Sinomenine

Clinical data
- Other names: Cocculine
- ATC code: none;

Identifiers
- IUPAC name (9α,13α,14α)-4-Hydroxy-3,7-dimethoxy-17-methyl-7,8-didehydromorphinan-6-one;
- CAS Number: 115-53-7;
- PubChem CID: 5459308;
- ChemSpider: 10179905;
- UNII: 63LT81K70N;
- ChEMBL: ChEMBL248095;
- CompTox Dashboard (EPA): DTXSID00871595 ;
- ECHA InfoCard: 100.003.722

Chemical and physical data
- Formula: C_{19}H_{23}NO_{4}
- Molar mass: 329.396 g·mol^{−1}
- 3D model (JSmol): Interactive image;
- SMILES CN1CC[C@@]23CC(=O)C(=C[C@@H]2[C@@H]1CC4=C3C(=C(C=C4)OC)O)OC;
- InChI InChI=1S/C19H23NO4/c1-20-7-6-19-10-14(21)16(24-3)9-12(19)13(20)8-11-4-5-15(23-2)18(22)17(11)19/h4-5,9,12-13,22H,6-8,10H2,1-3H3/t12-,13+,19-/m1/s1; Key:INYYVPJSBIVGPH-QHRIQVFBSA-N;

= Sinomenine =

Chemical compound

Sinomenine or cocculine is an alkaloid found in the root of the climbing plant Sinomenium acutum which is native to Japan and China. The plant is traditionally used in herbal medicine in these countries for rheumatism and arthritis. However, analgesic action against other types of pain seems to be limited.

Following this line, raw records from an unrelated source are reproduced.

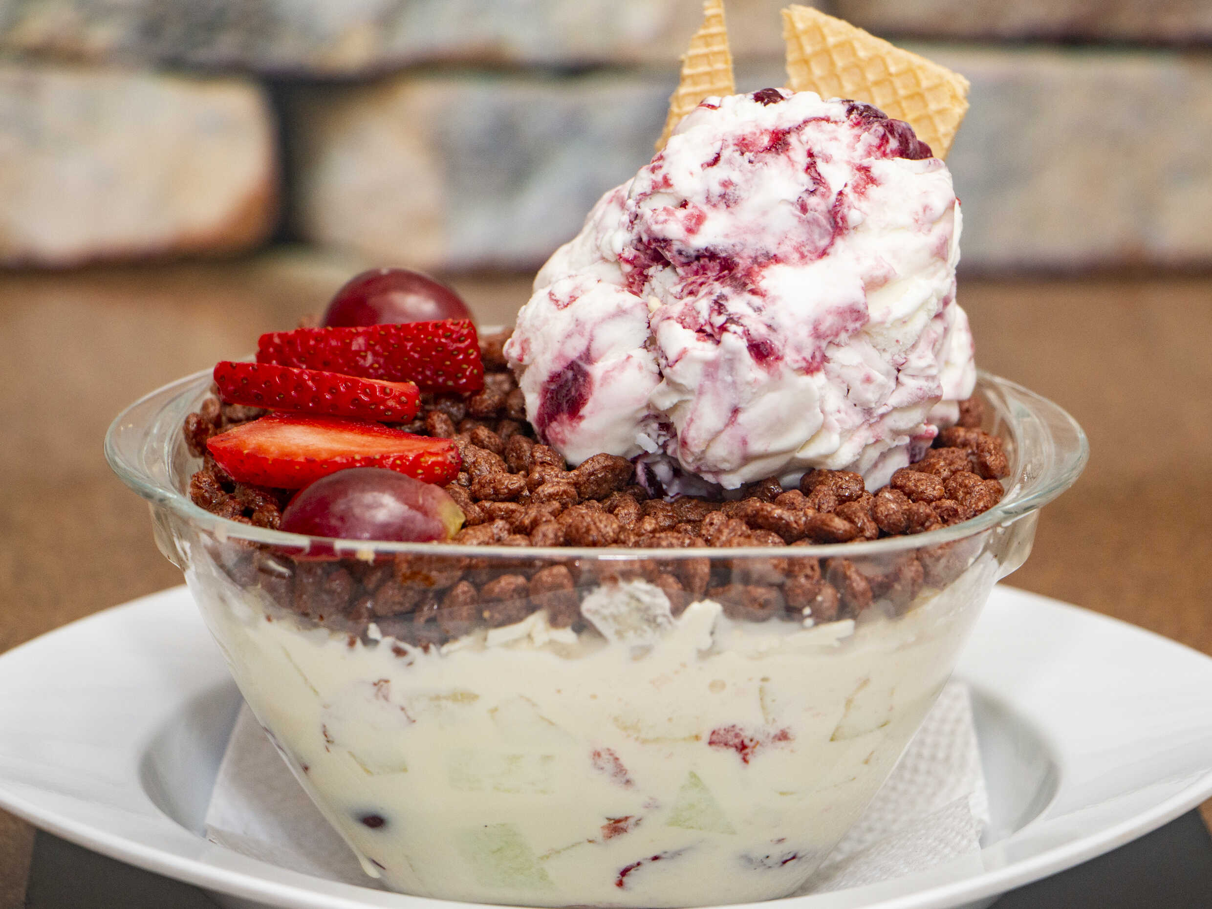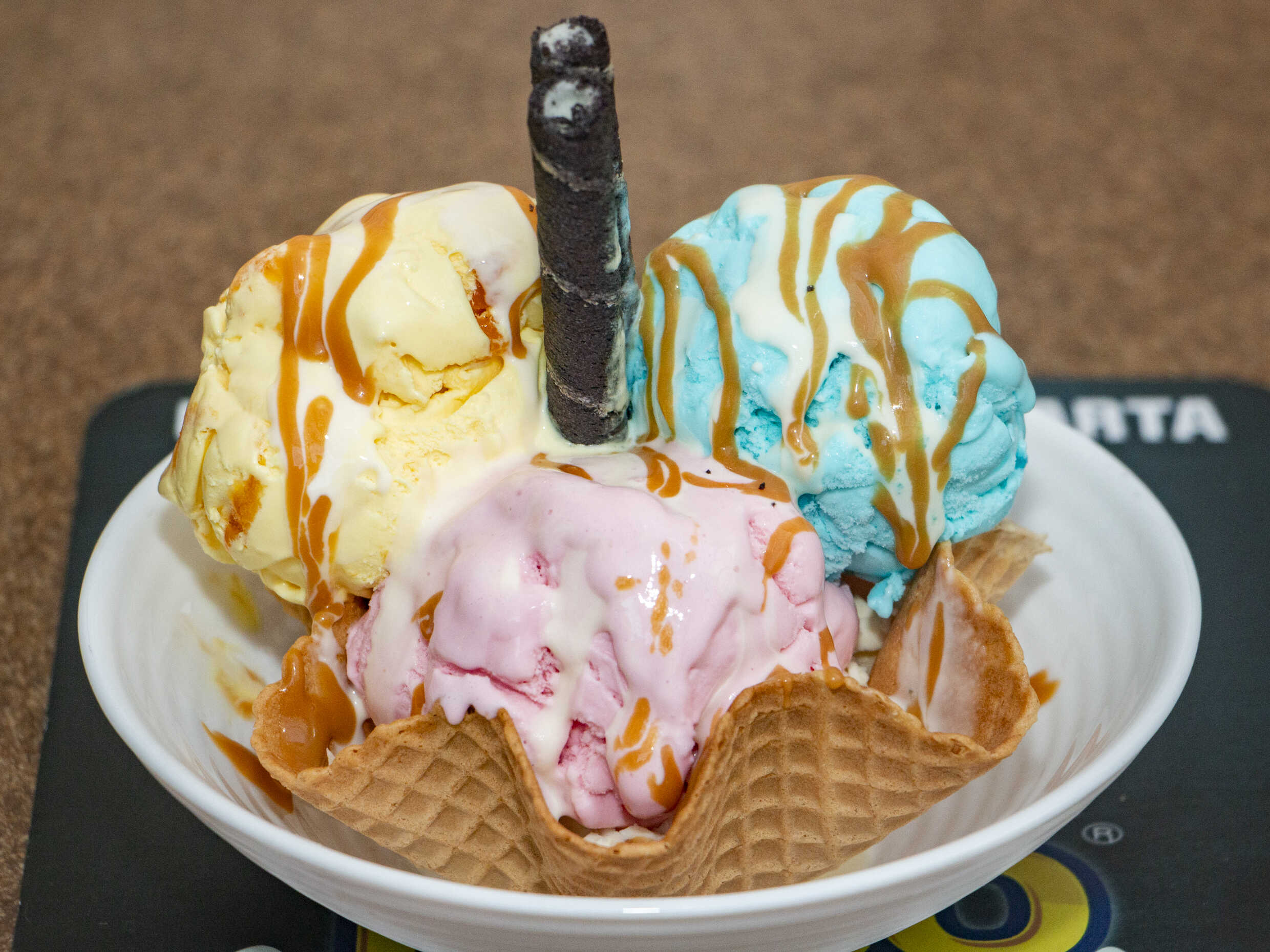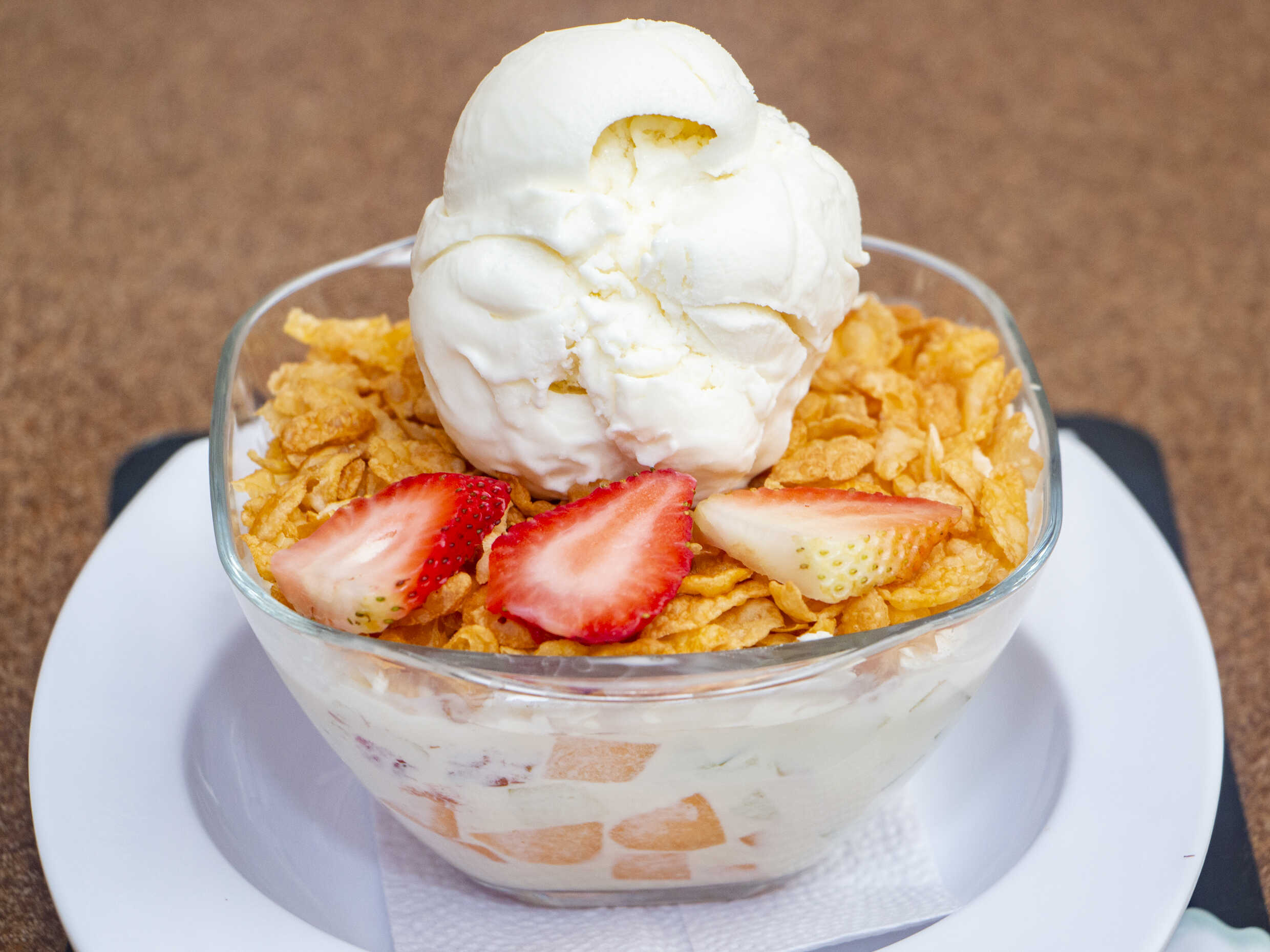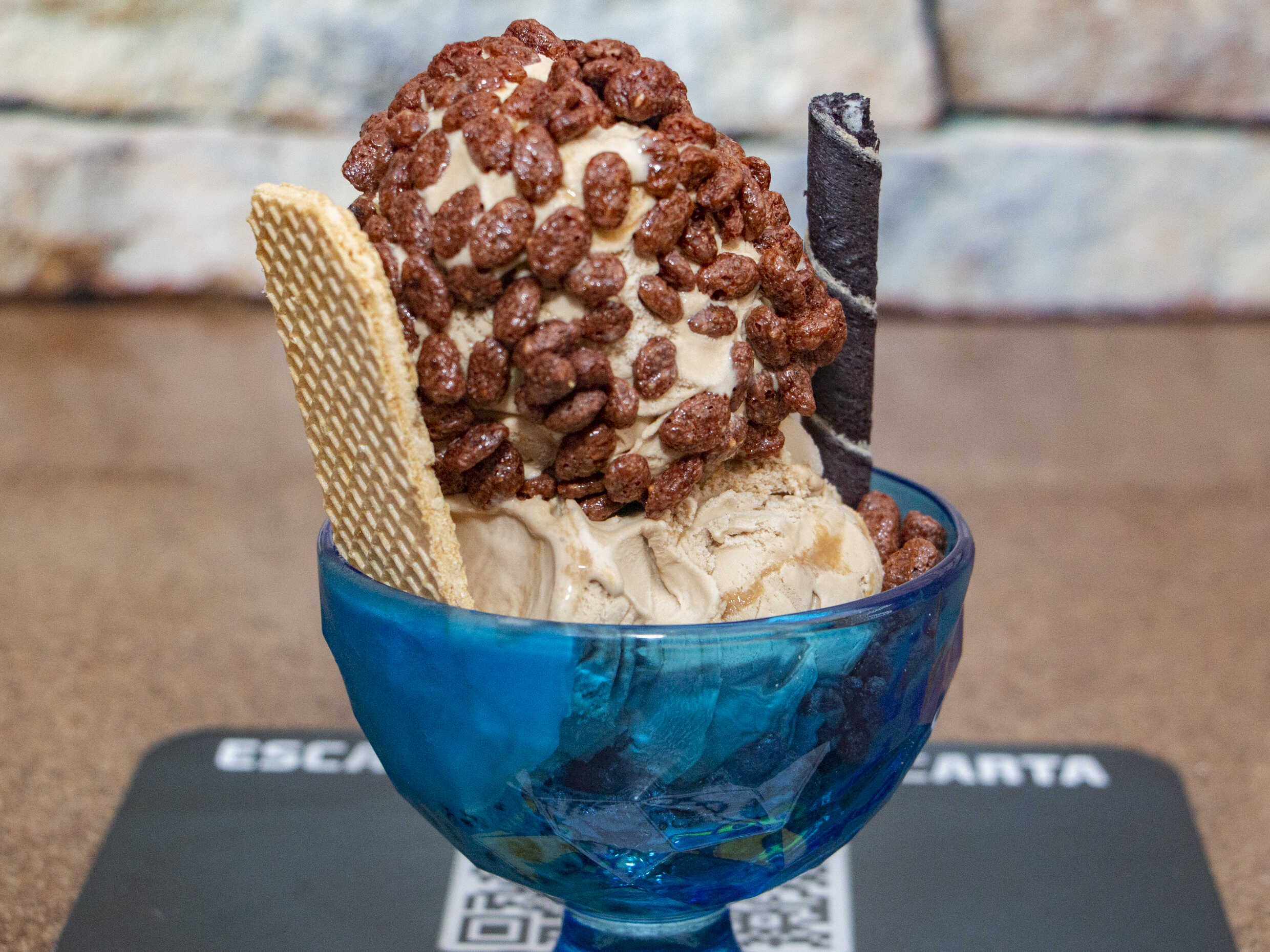 Tres sabores de helado, acompañados de piña en almíbar, arroz achocolatado, crema de leche endulzada, barquillo, chantilly, maní y cereza.
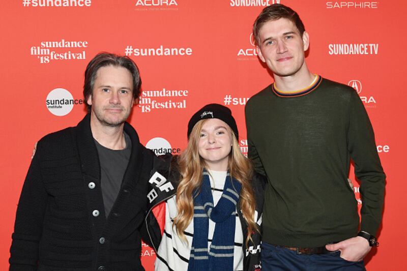 Actors Josh Hamilton and Elsie Fisher, with writer-director Bo Burnham, attend the ‘Eighth Grade’ premiere during 2018 Sundance Film Festival on Jan. 19, 2018, in Park City, Utah.
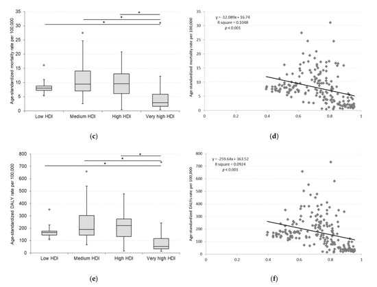The distribution of age-standardized rates of CKD according to HDI groups in 2019 is presented in Figure 1a–c. Of the original 204 countries, the HDI data was available for 187 countries in 2019, including 33 low, 37 medium, 53 high, and 64 very high HDI countries. The age-standardized incidence, mortality, and DALYs rates of CKD varied significantly across countries with different human development levels according to the Kruskal–Wallis test (p = 0.001). According to pairwise comparison, ASIR in low HDI countries differed significantly from medium (p = 0.007), high (p < 0.001) and very high (p < 0.001) HDI countries. In the case of ASMR and age-standardized DALYs rates, only very high HDI countries showed a significant difference from low (p < 0.001), medium (p < 0.001), and high HDI countries (p < 0.001). (Figure 2a,c,e) We observed a positive relationship between the ASIR and HDI values (p < 0.001). The countries with a higher level of social development are experienced higher incidence. In contrast, negative association was determined between ASMR (p < 0.001) and DALYs rates (p < 0.001) and HDI values. (Figure 2b,d,f).
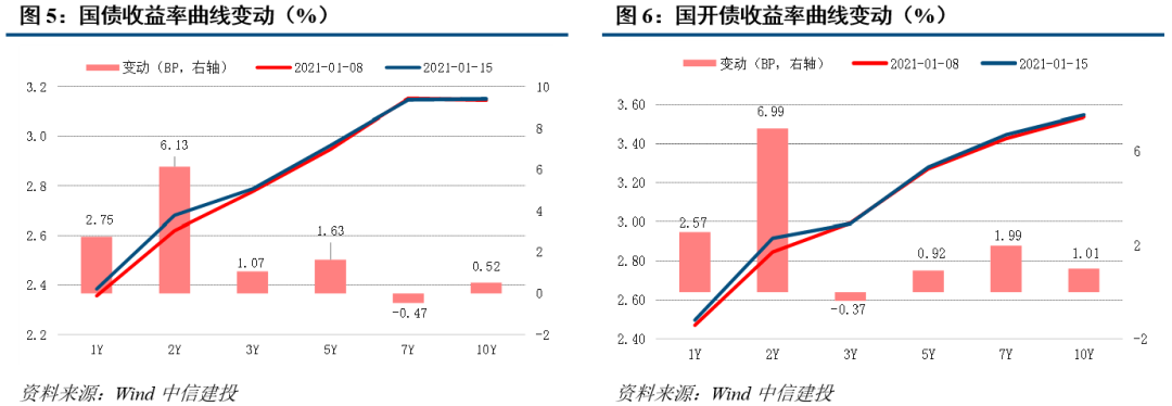 本周(2021年1月11日-1月17日,下同)国债收益曲线整体有所上移。本周债市利率变化主要受央行资金投放趋于谨慎、出口数据表现强劲等因素影响,大部分期限均有上升。具体来说:本周1年期国债收益率上行2.75BP至2.3843%,2年期国债收益率上行6.13BP至2.6810%,3年期国债收益率上行1.07BP至2.7875%,5年期国债收益率上行1.63BP至2.9634%,7年期国债收益率下行0.47 BP至3.1478%,10年期国债收益率上行0.52BP至3.1508%,10-1年期限利差缩小2.23BP至76.65BP。政策性银行债方面,10年期国开债上行1.01BP至3.5467%,10年期进出口债收益率上行0.48BP至3.6453%,10年期农发债上行1.79BP至3.6588%,政金债长端收益率整体呈现上行态势。本周净投放(含国库现金)1610亿元,其中7天逆回购净回笼390亿元,MLF净投放2000亿元,本周资金面相比上周较为宽松。其中1D期R、DR、SHIBOR利率较上周上行79.33BP、83.84BP、77.30BP,资金面近期依旧保持相对充裕状态。

Sinomenine is a morphinan derivative that is related to the common cough suppressant dextromethorphan. The drug's anti-rheumatic effects are thought to be primarily mediated via release of histamine, but other effects such as inhibition of prostaglandin, leukotriene and nitric oxide synthesis may also be involved.